** Supplied entries follows **

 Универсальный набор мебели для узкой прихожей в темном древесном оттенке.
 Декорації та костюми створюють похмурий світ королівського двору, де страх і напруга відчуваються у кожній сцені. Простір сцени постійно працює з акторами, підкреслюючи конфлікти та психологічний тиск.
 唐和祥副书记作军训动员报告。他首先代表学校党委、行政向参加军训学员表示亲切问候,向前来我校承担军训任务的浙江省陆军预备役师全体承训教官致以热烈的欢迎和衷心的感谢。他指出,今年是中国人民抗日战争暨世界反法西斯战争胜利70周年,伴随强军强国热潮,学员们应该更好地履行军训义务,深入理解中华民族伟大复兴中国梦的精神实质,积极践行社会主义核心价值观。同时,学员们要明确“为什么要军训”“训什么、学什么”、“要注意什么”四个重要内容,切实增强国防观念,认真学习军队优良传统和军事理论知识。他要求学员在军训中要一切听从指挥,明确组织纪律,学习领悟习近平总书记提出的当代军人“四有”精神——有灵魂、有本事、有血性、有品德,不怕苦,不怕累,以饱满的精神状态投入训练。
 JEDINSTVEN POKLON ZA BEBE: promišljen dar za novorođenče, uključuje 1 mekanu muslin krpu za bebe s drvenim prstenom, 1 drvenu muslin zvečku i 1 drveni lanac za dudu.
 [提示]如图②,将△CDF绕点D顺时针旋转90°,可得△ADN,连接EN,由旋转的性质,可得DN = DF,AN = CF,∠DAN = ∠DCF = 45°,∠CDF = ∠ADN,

** End of Supplied entries **
** Supplied entries follows **

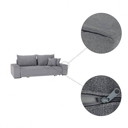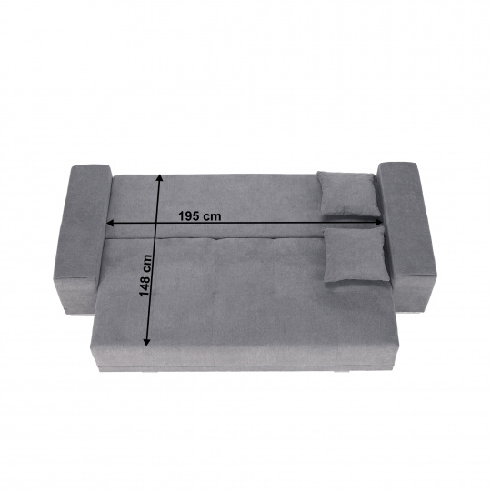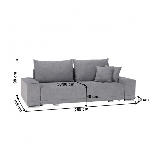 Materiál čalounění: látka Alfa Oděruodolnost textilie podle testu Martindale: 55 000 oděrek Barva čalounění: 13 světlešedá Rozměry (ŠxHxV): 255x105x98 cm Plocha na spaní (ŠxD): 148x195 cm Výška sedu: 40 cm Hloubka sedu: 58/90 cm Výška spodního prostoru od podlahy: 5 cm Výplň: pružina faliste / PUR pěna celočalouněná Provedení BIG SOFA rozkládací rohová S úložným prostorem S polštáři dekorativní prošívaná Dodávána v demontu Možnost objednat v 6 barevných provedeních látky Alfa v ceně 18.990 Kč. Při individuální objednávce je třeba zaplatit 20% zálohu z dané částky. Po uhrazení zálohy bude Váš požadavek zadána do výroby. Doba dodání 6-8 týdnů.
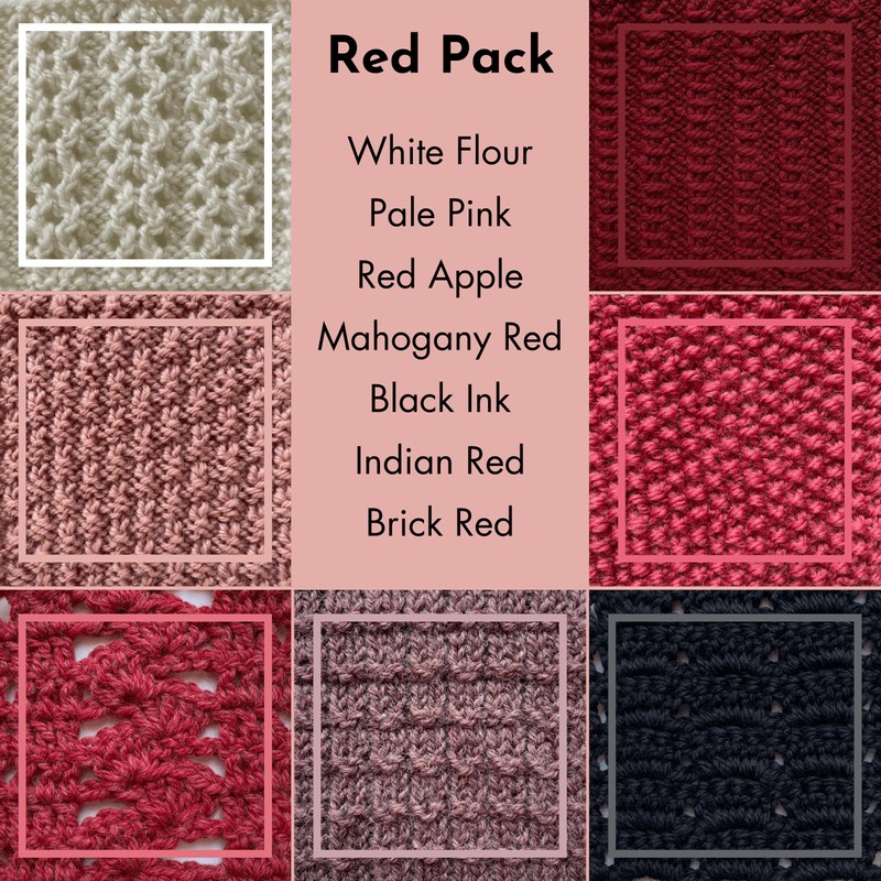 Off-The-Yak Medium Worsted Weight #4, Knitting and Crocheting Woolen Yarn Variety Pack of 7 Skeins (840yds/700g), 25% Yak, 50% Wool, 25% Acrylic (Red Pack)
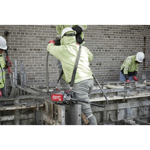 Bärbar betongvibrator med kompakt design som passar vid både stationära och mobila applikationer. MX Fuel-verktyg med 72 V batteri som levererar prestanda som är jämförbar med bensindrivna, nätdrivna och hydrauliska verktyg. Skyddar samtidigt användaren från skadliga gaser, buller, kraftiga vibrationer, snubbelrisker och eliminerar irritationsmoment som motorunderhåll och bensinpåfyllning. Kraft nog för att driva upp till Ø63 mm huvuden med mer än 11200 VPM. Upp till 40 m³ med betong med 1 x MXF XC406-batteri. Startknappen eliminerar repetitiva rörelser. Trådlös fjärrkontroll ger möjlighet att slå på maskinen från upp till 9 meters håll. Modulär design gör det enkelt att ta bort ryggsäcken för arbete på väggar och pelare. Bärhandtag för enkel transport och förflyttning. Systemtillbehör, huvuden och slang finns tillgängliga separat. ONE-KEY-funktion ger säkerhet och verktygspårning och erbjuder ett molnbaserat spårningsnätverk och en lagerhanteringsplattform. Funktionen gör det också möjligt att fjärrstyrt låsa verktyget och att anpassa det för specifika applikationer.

** End of Supplied entries **
** Supplied entries follows **

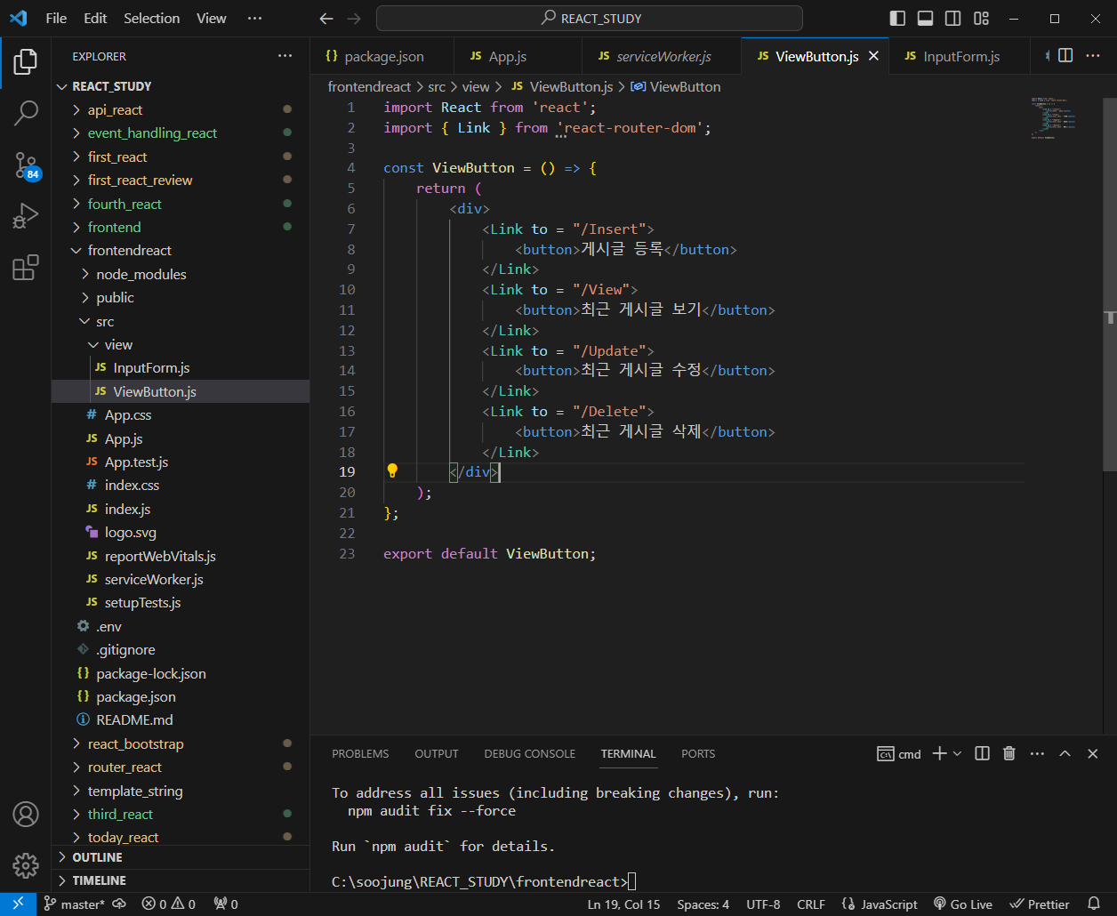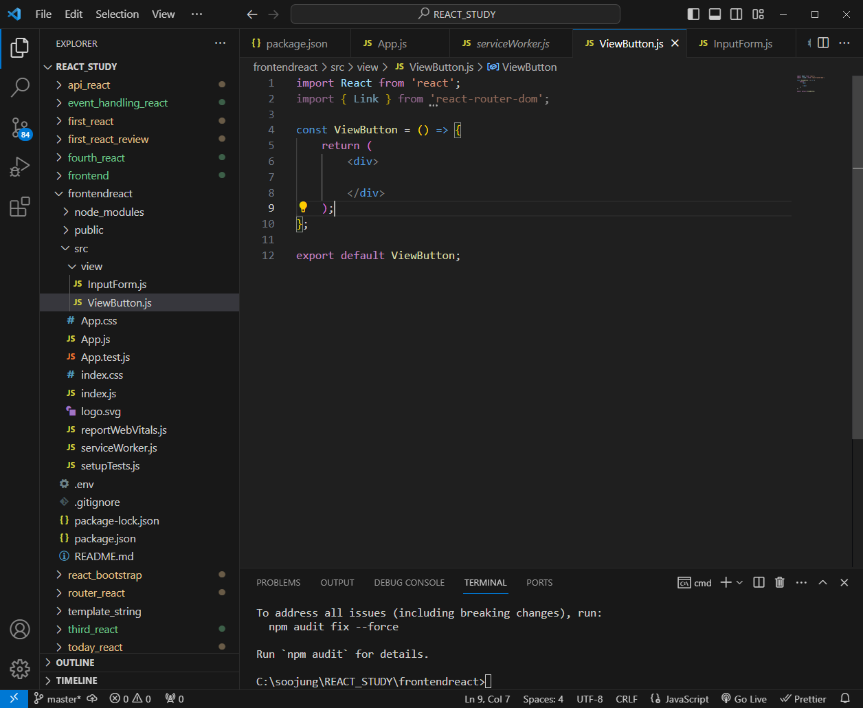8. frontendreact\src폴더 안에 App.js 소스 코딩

** End of Supplied entries **

* [Problem to work on]:
In the listing above, find the line with "Materiál čalounění: látka" and the line with "Off-The-Yak Medium Worsted". Output both, plus every line between them, and no pictures.

* [Response area]:
 Materiál čalounění: látka Alfa Oděruodolnost textilie podle testu Martindale: 55 000 oděrek Barva čalounění: 13 světlešedá Rozměry (ŠxHxV): 255x105x98 cm Plocha na spaní (ŠxD): 148x195 cm Výška sedu: 40 cm Hloubka sedu: 58/90 cm Výška spodního prostoru od podlahy: 5 cm Výplň: pružina faliste / PUR pěna celočalouněná Provedení BIG SOFA rozkládací rohová S úložným prostorem S polštáři dekorativní prošívaná Dodávána v demontu Možnost objednat v 6 barevných provedeních látky Alfa v ceně 18.990 Kč. Při individuální objednávce je třeba zaplatit 20% zálohu z dané částky. Po uhrazení zálohy bude Váš požadavek zadána do výroby. Doba dodání 6-8 týdnů.
 Off-The-Yak Medium Worsted Weight #4, Knitting and Crocheting Woolen Yarn Variety Pack of 7 Skeins (840yds/700g), 25% Yak, 50% Wool, 25% Acrylic (Red Pack)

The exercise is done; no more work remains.